After locating the line that contains "1. Мойте руки", transcribe exactly that line and each one after it until the data ends, skipping pictures.

STORED DATA:
□ □ □
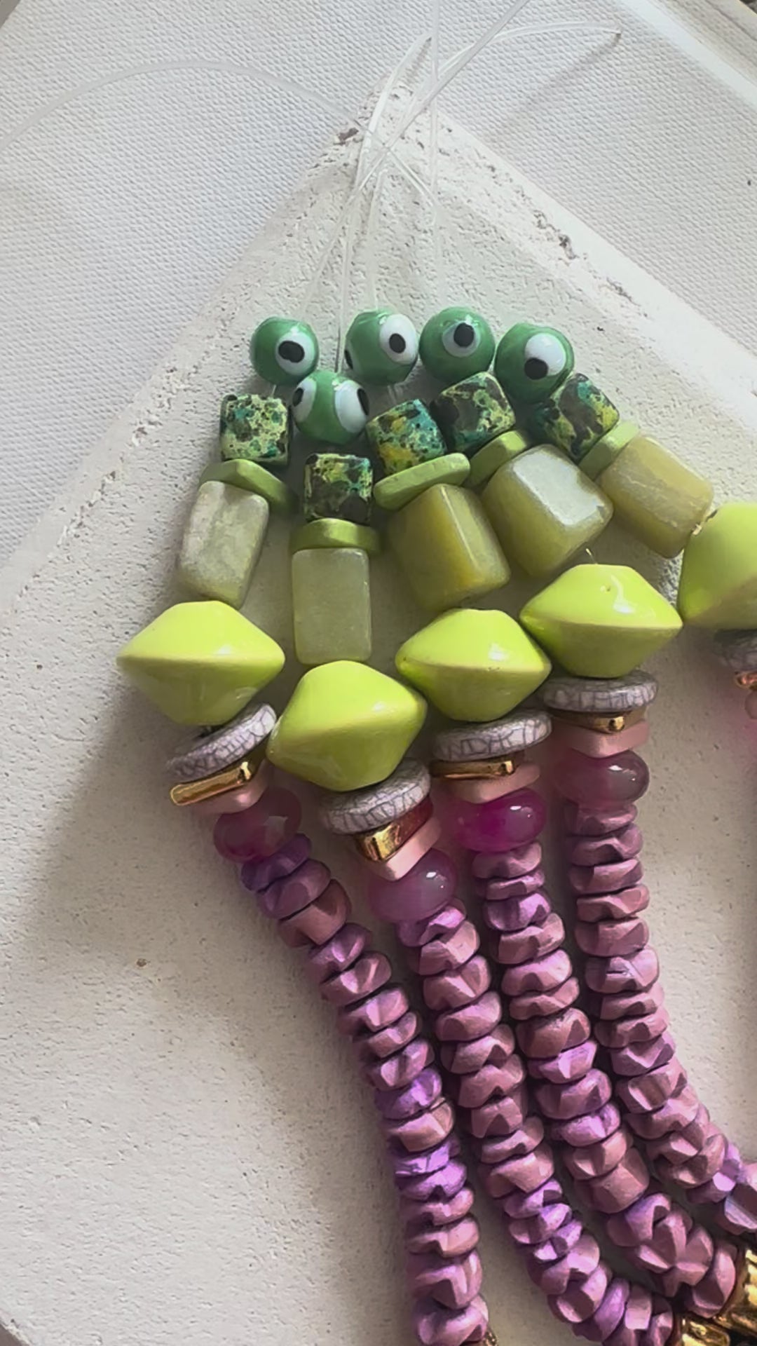 materials: wood, glass + ceramic beads
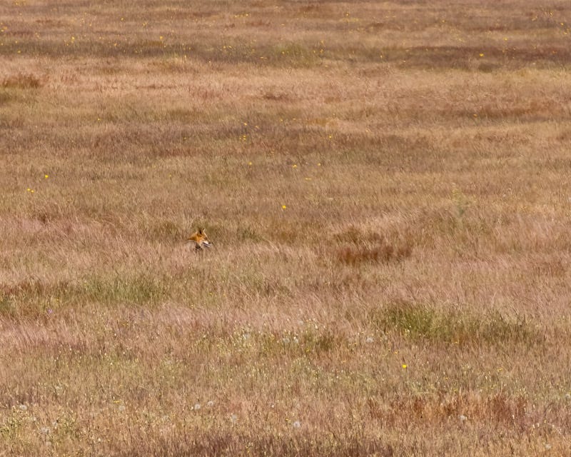 Here is a cropped close-up of the photo above. You can see the fox’s head sticking above the knee-high grasses. The grasses are high and the color of the fox’s fur helps it to blend in.
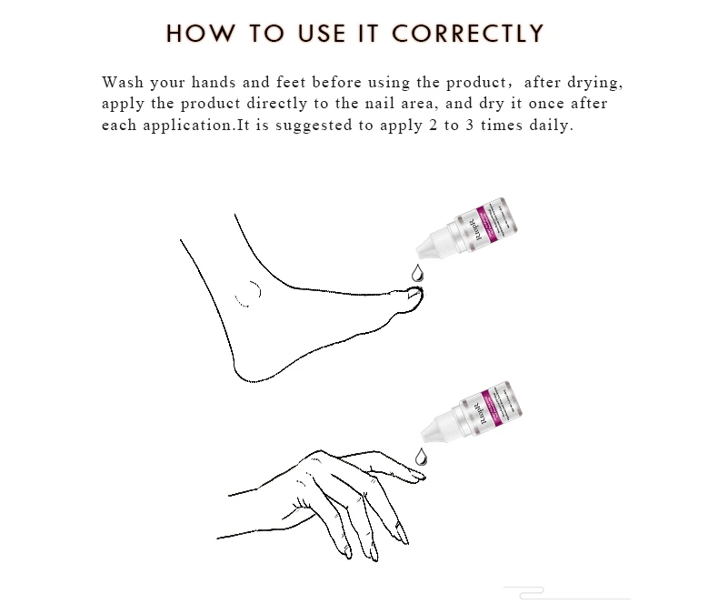 1. Мойте руки и ноги перед использованием продукта, после высыхания. 2. Нанесите изделие непосредственно на область ногтей и высушите его один раз после каждого нанесения. 3. Рекомендуется применять 2-3 раза в день.
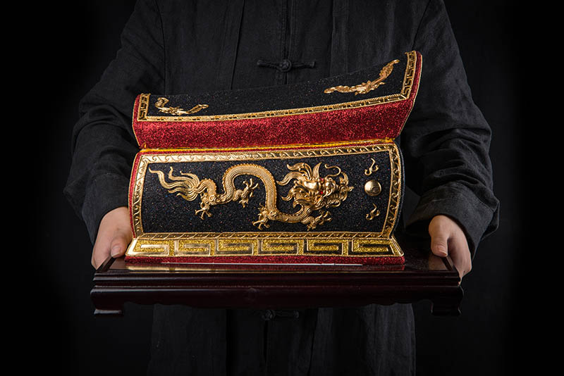 24K金線(xiàn)雕鳳龍長(cháng)棺
□ □ □
OUTPUT OF THE TASK:
 1. Мойте руки и ноги перед использованием продукта, после высыхания. 2. Нанесите изделие непосредственно на область ногтей и высушите его один раз после каждого нанесения. 3. Рекомендуется применять 2-3 раза в день.
 24K金線(xiàn)雕鳳龍長(cháng)棺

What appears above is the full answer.